Three resistors R1 = 100Ω, R2 = 200Ω, and R3 = 400Ω are connected in parallel across a 20V source.

(a) Find the equivalent resistance.

(b) Find the current through each resistor.

(c) Find the total current from the source.

(d) Verify: the total current should equal \(V_s / R_{eq}\).

Solution

(a) [\frac{1}{R_{eq}} = \frac{1}{100} + \frac{1}{200} + \frac{1}{400} = \frac{4}{400} + \frac{2}{400} + \frac{1}{400} = \frac{7}{400}]

\[R_{eq} = \frac{400}{7} \approx 57.1\text{ Ω}\]

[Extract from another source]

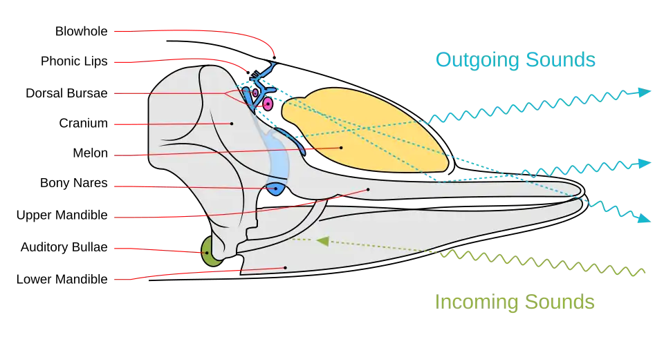 Diagram illustrating sound generation, propagation and reception in a toothed whale. Outgoing sounds are cyan and incoming ones are green.

(b) All resistors share the 20V source voltage:

\[I_1 = \frac{20}{100} = 200\text{ mA}, \quad I_2 = \frac{20}{200} = 100\text{ mA}, \quad I_3 = \frac{20}{400} = 50\text{ mA}\]

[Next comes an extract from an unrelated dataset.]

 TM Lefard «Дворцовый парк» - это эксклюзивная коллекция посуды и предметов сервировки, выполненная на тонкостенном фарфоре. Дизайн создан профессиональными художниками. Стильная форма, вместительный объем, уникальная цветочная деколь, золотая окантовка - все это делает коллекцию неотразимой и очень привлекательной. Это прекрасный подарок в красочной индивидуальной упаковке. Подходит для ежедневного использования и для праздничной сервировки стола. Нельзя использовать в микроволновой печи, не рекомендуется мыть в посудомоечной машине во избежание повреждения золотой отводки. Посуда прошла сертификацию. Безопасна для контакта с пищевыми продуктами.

(c) [I_{total} = I_1 + I_2 + I_3 = 200 + 100 + 50 = 350\text{ mA}]

(d) [I_{total} = \frac{V_s}{R_{eq}} = \frac{20}{400/7} = \frac{20 \times 7}{400} = \frac{140}{400} = 0.35\text{ A} = 350\text{ mA}] ✓

Problem 4 — Voltage Divider Design

You need to produce a 3.3V reference from a 12V supply using a voltage divider. Assume the load draws negligible current.

(a) If R1 = 10kΩ, find the required value of R2.

(b) Calculate the current flowing through the divider.

(c) What power does each resistor dissipate?

(d) Are 1/4W resistors adequate?

Solution

(a) Using the voltage divider formula and solving for R2:

\[V_{out} = V_{in} \times \frac{R_2}{R_1 + R_2}\]

\[3.3 = 12 \times \frac{R_2}{10\text{k} + R_2}\]

\[3.3(10\text{k} + R_2) = 12 R_2\]

\[33{,}000 = 12 R_2 - 3.3 R_2 = 8.7 R_2\]

\[R_2 = \frac{33{,}000}{8.7} \approx 3.79\text{ kΩ}\]

The nearest standard value is 3.9kΩ (E24 series), giving \(V_{out} = 12 \times 3.9/(10 + 3.9) = 3.37\text{ V}\), which is close enough for most applications.

(b) [I = \frac{V_{in}}{R_1 + R_2} = \frac{12\text{ V}}{10\text{k} + 3.79\text{k}} = \frac{12}{13.79\text{k}} = 0.87\text{ mA}]

(c) [P_1 = I^2 R_1 = (0.00087)^2 \times 10{,}000 = 7.57\text{ mW}] [P_2 = I^2 R_2 = (0.00087)^2 \times 3{,}790 = 2.87\text{ mW}]

(d) Both are well below 250 mW. Yes, 1/4W resistors are more than adequate.